In short: A WIRED investigation found Grok Imagine was still being used to create and host nonconsensual sexual deepfakes of women on Grok.com.
WIRED says it reviewed hundreds of public links generated by Grok Imagine, an image and video making tool connected to Elon Musk’s Grok chatbot. Dozens of those links led to sexualized images and videos of women, including content that appeared to be made without the person’s consent.
Some of the material was fully artificial, like animated characters. Other examples looked photorealistic, meaning they were made to look like real photos or videos, even when the scenes were not real (like a convincing counterfeit). WIRED reported finding depictions involving several celebrities and at least one politician, US representative Alexandria Ocasio-Cortez.

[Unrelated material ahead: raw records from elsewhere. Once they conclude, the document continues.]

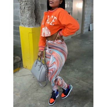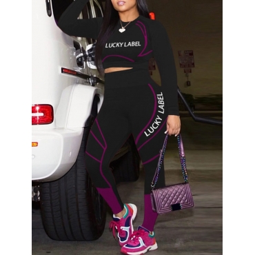 Lovely Street O Neck Letter Print Zipper Design Croci Two Piece Pants Set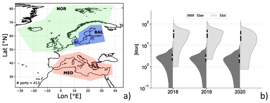 (a) Ports called at by ferries in 2018–2020 (markers) and the geographical regions considered (coloured areas); (b) Violin plots of Eber and Etot during the three years. The black cord at the edge of each half-violin spans the 95% confidence interval of the median, which is represented by the white dot.
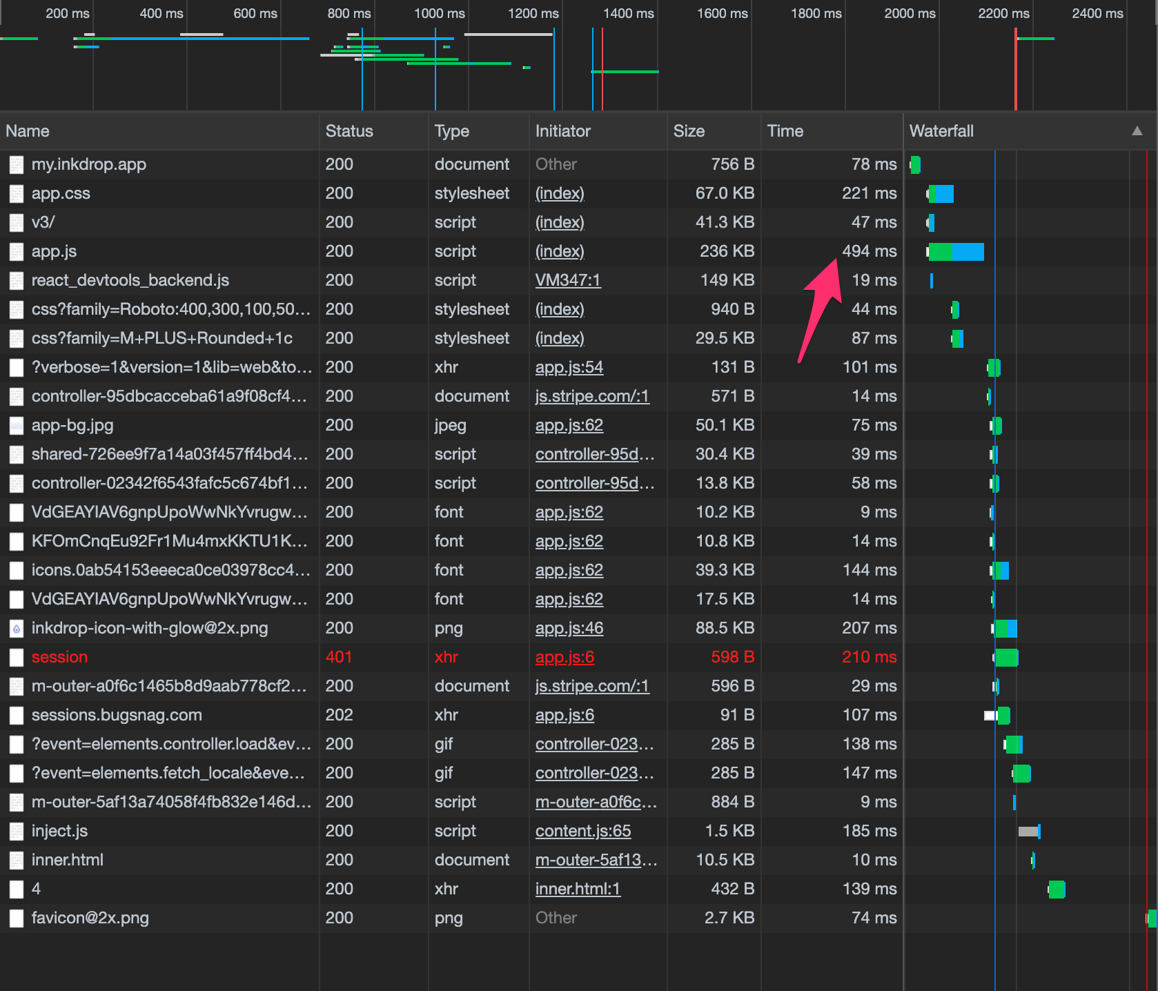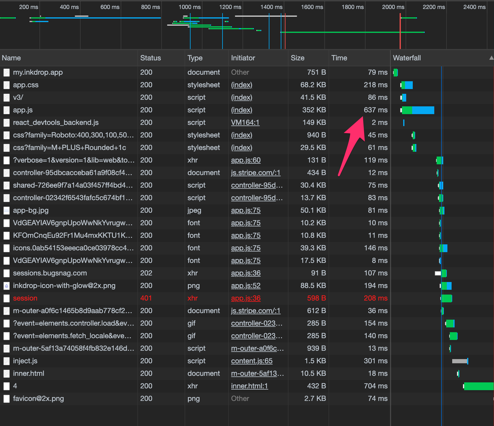 I took this note when the page load performance of my.inkdrop.app was pretty bad.

The report comes months after xAI, the company behind Grok, said it would add restrictions meant to stop harmful sexual deepfakes. Deepfakes are fake images, video, or audio made with AI that can make it look like someone did something they never did (like a realistic face swap). After WIRED contacted xAI and X, the explicit links WIRED found on Grok.com appeared to stop working, and some related posts shared on X were removed for policy violations.
Regulators are still looking at whether xAI’s safeguards work. Canada’s Privacy Commissioner said in preliminary findings that the company has not shown its changes are effective at preventing this kind of misuse. Separately, SpaceX warned investors it faces legal and reputational risks tied to Grok, and said it has set aside $530 million to handle ongoing legal complaints.